The Best Energy Buying and Selling Project was presented to Williams for its Energy Trading Floor. The Williams Trading Floor is notable for implementing a variety of technologies that addressed data presentation, acoustic sensitivities, lines of sight and general flexibility to allow re-arrangement of floor personnel when necessary. It also provided redundant technology in areas of networking, computing, market information feeds and building power which protects the business from computer and network outages as well as power outages that may be experienced by the local utility company.
The Best Automation and Technology Project was presented to Cobb EMC for its distribution automation project. In 1991, Cobb EMC implemented a long term distribution automation project, which would better support the region`s development and enhance reliability of service to existing customers. Through distributions automation, they were able to minimize outage times, reduce the travel time of patrolling crews and sectionalize the system by remote control.

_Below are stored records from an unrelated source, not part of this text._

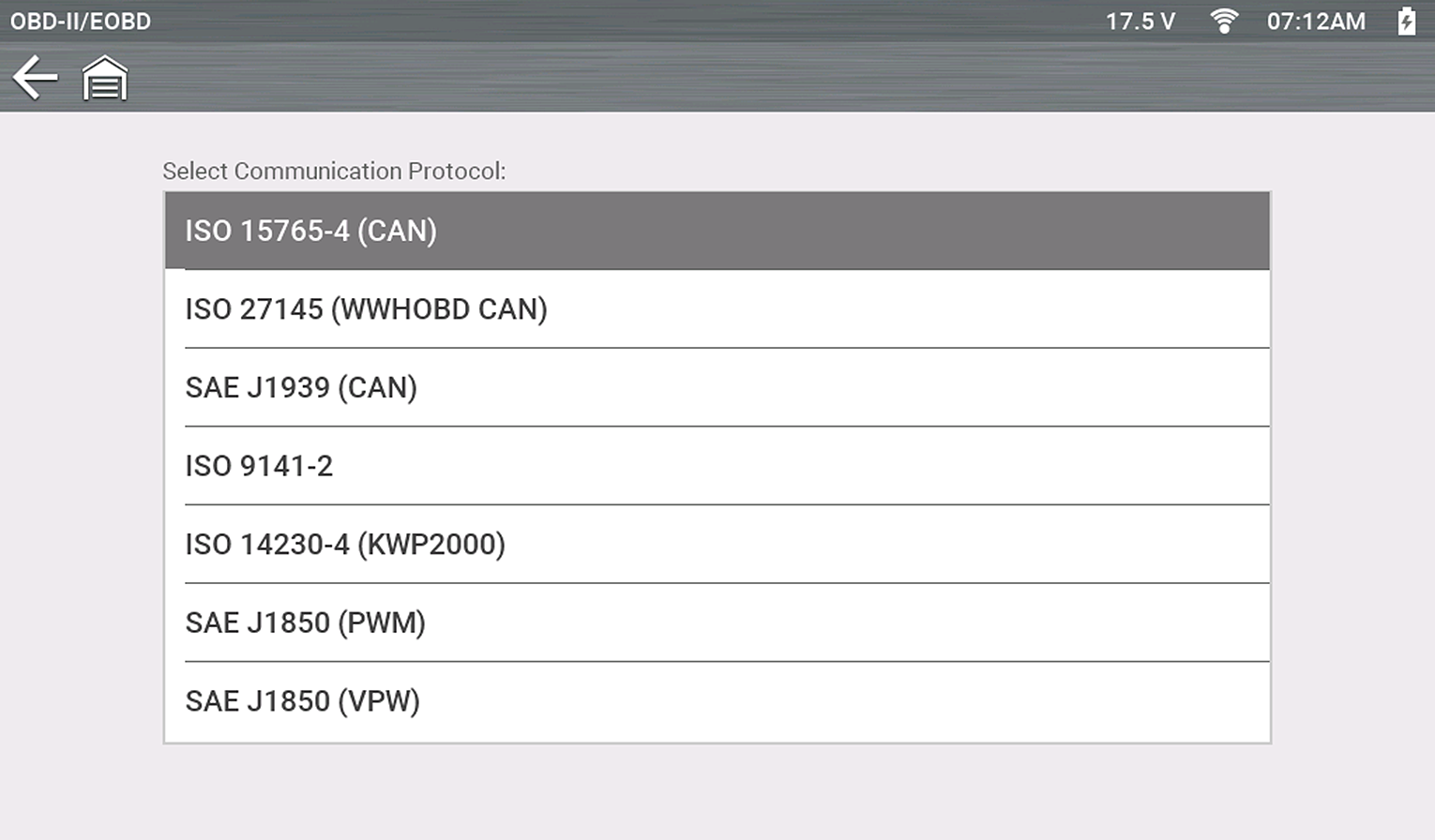 When initializing communication with the ECM the diagnostic tool attempts to communicate trying each protocol to determine which one is being used. During normal operation the communication protocol is automatically detected. If automatic detection fails, communication protocol can be manually selected using this option.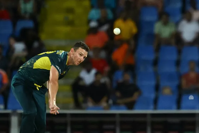 Australia's Josh Hazlewood bowls during their ICC men's Twenty20 World Cup 2024 Super Eight cricket match against Bangladesh Australia's Josh Hazlewood bowls during their ICC men's Twenty20 World Cup 2024 Super Eight cricket match against Bangladesh. Photo: Andrew Caballero-Reynolds/AFP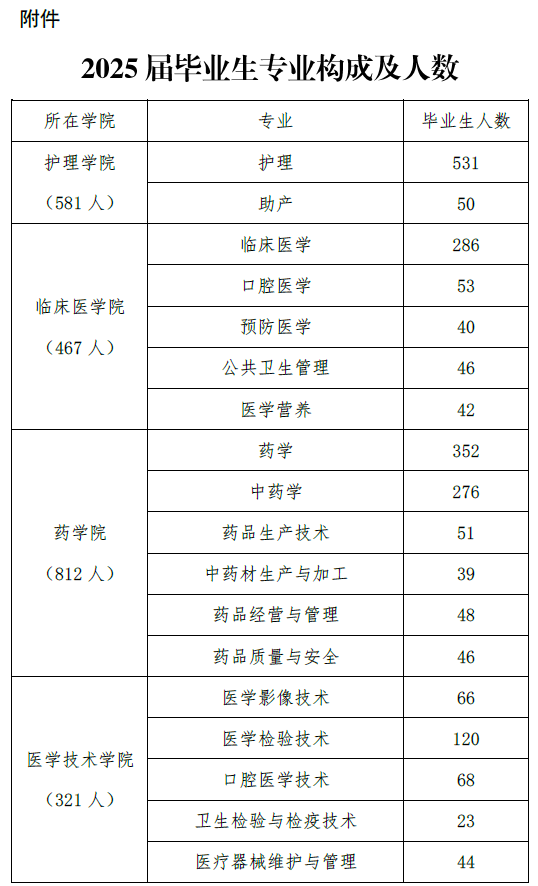 四川中医药高等专科学校2025届毕业生共3160人,详情如下: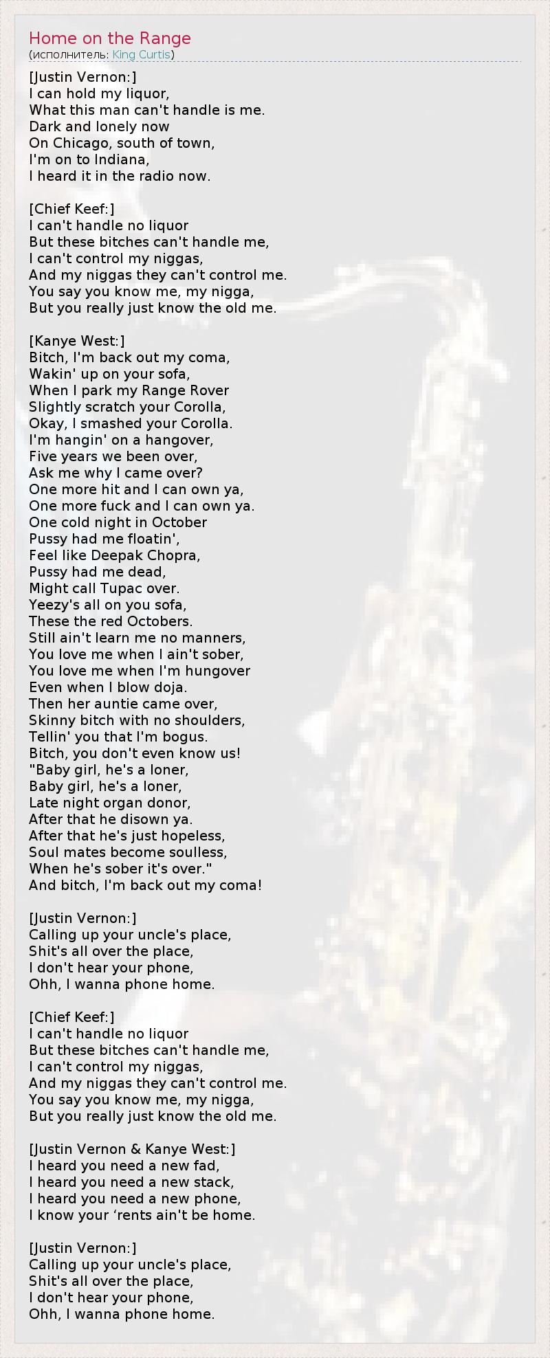 [Justin Vernon:] I can hold my liquor, What this man can't handle is me. Dark and lonely now On Chicago, south of town, I'm on to Indiana, I heard it in the radio now. [Chief Keef:] I can't handle no liquor But these bitches can't handle me, I can't control my niggas, And my niggas they can't control me. You say you know me, my nigga, But you really just know the old me. [Kanye West:] Bitch, I'm back out my coma, Wakin' up on your sofa, When I park my Range Rover Slightly scratch your Corolla, Okay, I smashed your Corolla. I'm hangin' on a hangover, Five years we been over, Ask me why I came over? One more hit and I can own ya, One more fuck and I can own ya. One cold night in October Pussy had me floatin', Feel like Deepak Chopra, Pussy had me dead, Might call Tupac over. Yeezy's all on you sofa, These the red Octobers. Still ain't learn me no manners, You love me when I ain't sober, You love me when I'm hungover Even when I blow doja. Then her auntie came over, Skinny bitch with no shoulders, Tellin' you that I'm bogus. Bitch, you don't even know us! "Baby girl, he's a loner, Baby girl, he's a loner, Late night organ donor, After that he disown ya. After that he's just hopeless, Soul mates become soulless, When he's sober it's over." And bitch, I'm back out my coma! [Justin Vernon:] Calling up your uncle's place, Shit's all over the place, I don't hear your phone, Ohh, I wanna phone home. [Chief Keef:] I can't handle no liquor But these bitches can't handle me, I can't control my niggas, And my niggas they can't control me. You say you know me, my nigga, But you really just know the old me. [Justin Vernon & Kanye West:] I heard you need a new fad, I heard you need a new stack, I heard you need a new phone, I know your ‘rents ain't be home. [Justin Vernon:] Calling up your uncle's place, Shit's all over the place, I don't hear your phone, Ohh, I wanna phone home.

Also presented at DistribuTECH `99 was the Utility of the Year award, sponsored by Electric, Light & Power (EL&P) magazine. Michael Burr, EL&P managing editor presented Duke Energy with this prestigious award.
2000 is Almost Here
DistribuTECH `99 provided thousands of delegates with information that will help them make informed corporate decisions as the industry goes through its massive changes in the next few years. The information they received, from some of the utility industry`s leading experts, will help guide utilities and vendors into the new millennium. Technology is the driving force in the industry and will help to bring the future closer to reality. With this constant change, keeping informed is vital in the emerging competitive environment. To keep current on the most important developments in the industry, planning for DistribuTECH 2000 is well under way. By attending DistribuTECH 2000 in Miami Beach, March 1-3, you can keep one step ahead of technology, and know what the future will be. n
DistribuTECH `99 delegates prepare for the conference at the San Diego Convention Center.
More than 250 exhibitors demonstrate their products and services for thousands of delegates at DistribuTECH `99.